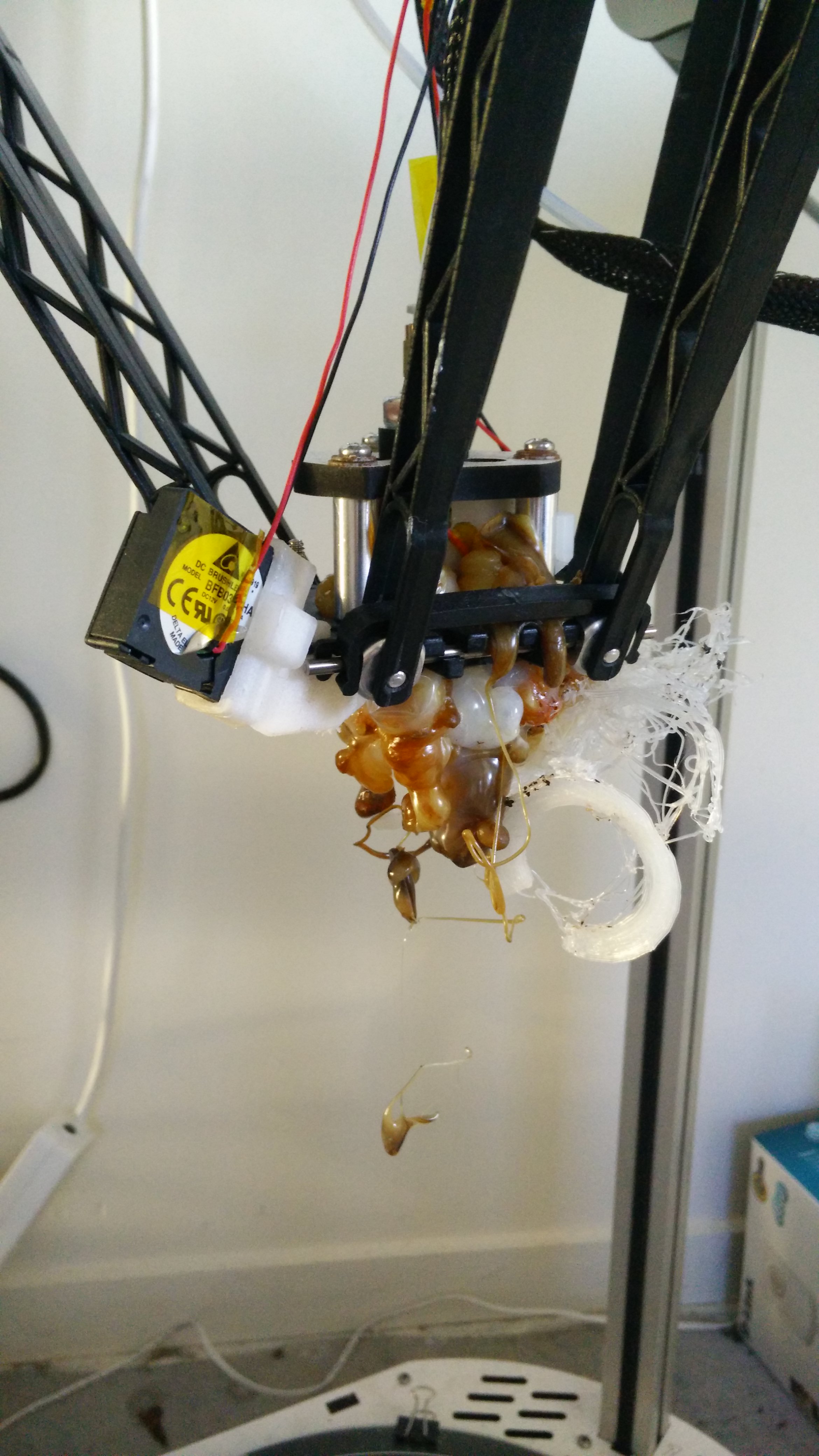 Not only did it come unstuck, the nylon somehow forced itself up backwards all through every nook and cranny (even into the fans) of the head. Given the melting point of the nylon is no doubt higher than the melting point of the black plastic (ABS?) Rostock use (or the wiring..) Im thinking this is not recoverable at all?
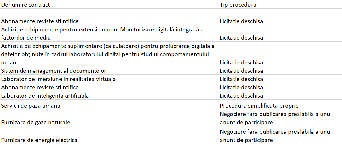 Pentru orice detalii cu privire la achizitiile pe care le realizam va rugam sa consultati www.e-licitatie.ro . Conform procedurii interne si a politicii de calitate, institutia noastra colaboreaza cu furnizori care au fost inclusi in lista furnizorilor agreati la nivel de institutie. Pentru orice alte informatii cu privire la achizitiile publice aferente institutiei noastre va stam la dispozitie la nr de tel 0234/542411 interior 195.
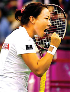 Chinese tennis doubles player Zheng Jie reacts after winning a match point with partner Yan Zi against French tennis players Nathalie Dechy and Virginie Razzano during their Fed Cup match in Beijing yesterday. Zheng and Yan won 7-5, 7-6 (5). [Agencies] |
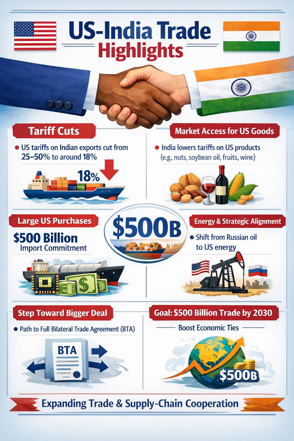 Energy & strategic alignment: India agreed to reduce dependence on Russian oil and shift more energy purchases toward the US and partners.
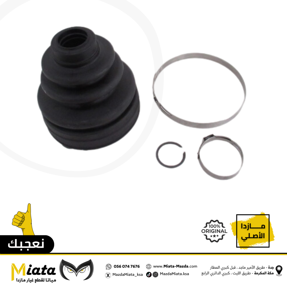 The CV Boot in Mazda vehicles is a flexible rubber piece designed to protect the CV Joint from dirt, dust, and moisture. It also keeps grease inside the joint to ensure smooth movement and long life. This boot is located at the ends of the CV Joint Axle Shaft.

════════════════════

** Task requirements **
Without the pictures, give all of the entries above again exactly.

** Task response **
 Not only did it come unstuck, the nylon somehow forced itself up backwards all through every nook and cranny (even into the fans) of the head. Given the melting point of the nylon is no doubt higher than the melting point of the black plastic (ABS?) Rostock use (or the wiring..) Im thinking this is not recoverable at all?
 Pentru orice detalii cu privire la achizitiile pe care le realizam va rugam sa consultati www.e-licitatie.ro . Conform procedurii interne si a politicii de calitate, institutia noastra colaboreaza cu furnizori care au fost inclusi in lista furnizorilor agreati la nivel de institutie. Pentru orice alte informatii cu privire la achizitiile publice aferente institutiei noastre va stam la dispozitie la nr de tel 0234/542411 interior 195.
 Chinese tennis doubles player Zheng Jie reacts after winning a match point with partner Yan Zi against French tennis players Nathalie Dechy and Virginie Razzano during their Fed Cup match in Beijing yesterday. Zheng and Yan won 7-5, 7-6 (5). [Agencies] |
 Energy & strategic alignment: India agreed to reduce dependence on Russian oil and shift more energy purchases toward the US and partners.
 The CV Boot in Mazda vehicles is a flexible rubber piece designed to protect the CV Joint from dirt, dust, and moisture. It also keeps grease inside the joint to ensure smooth movement and long life. This boot is located at the ends of the CV Joint Axle Shaft.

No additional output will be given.